Ben Finney ben+python at benfinney.id.au
Thu Feb 25 23:37:14 EST 2016


Steven D'Aprano <steve at pearwood.info> writes:

> On Fri, 26 Feb 2016 10:38 am, Ben Finney wrote:
>
> > Gregory Ewing <greg.ewing at canterbury.ac.nz> writes:
> > 
> >> sohcahtoa82 at gmail.com wrote:
> >> > Now, I've noticed people talking about importing os.path.  Is there any
> >> > reason to use "import os.path" rather than "import os"?  Both of them
> >> > will still put the "os" module into the global namespace.
> >>
> >> In the case of os.path it doesn't matter, because the
> >> os module imports the appropriate path module automatically.
> > 
> > My position is that behaviour violates one of the principles of the Zen
> > of Python: “Special cases aren't special enough to break the rules.”
>
> But it's not special.

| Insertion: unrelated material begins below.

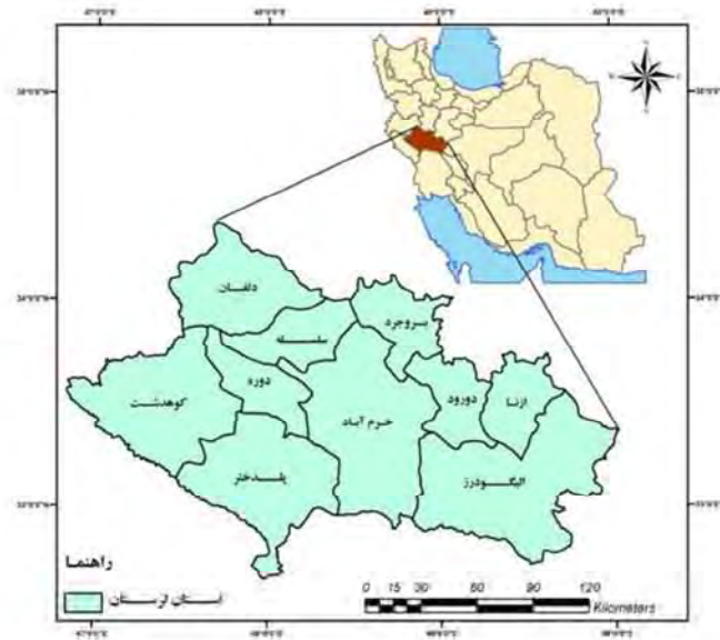
شکل ۱: موقعیت محدوده مورد مطالعه

It's the standard behaviour of any module which offers
> a public name

That is the special behaviour. ‘os’ is a package that has a sub-module
‘path’. Normally, to get at a module inside a package, you import it
with a qualified name::

    import os.path

The special case is that ‘os’ also wants the ‘path’ module itself, and
so the name happens to be available as a module attribute. That's a
special case that can not be depended on for other cases.

> `import os` makes all the names in the os name space available.

Since ‘os.path’ is a sub-module of the ‘os’ package, it should not also
be exported from the ‘os’ module attributes. The special case is confusing.

> There's no difference between (say) `os.listdir` and `os.path` except
> that listdir happens to be a function and path happens to be a module.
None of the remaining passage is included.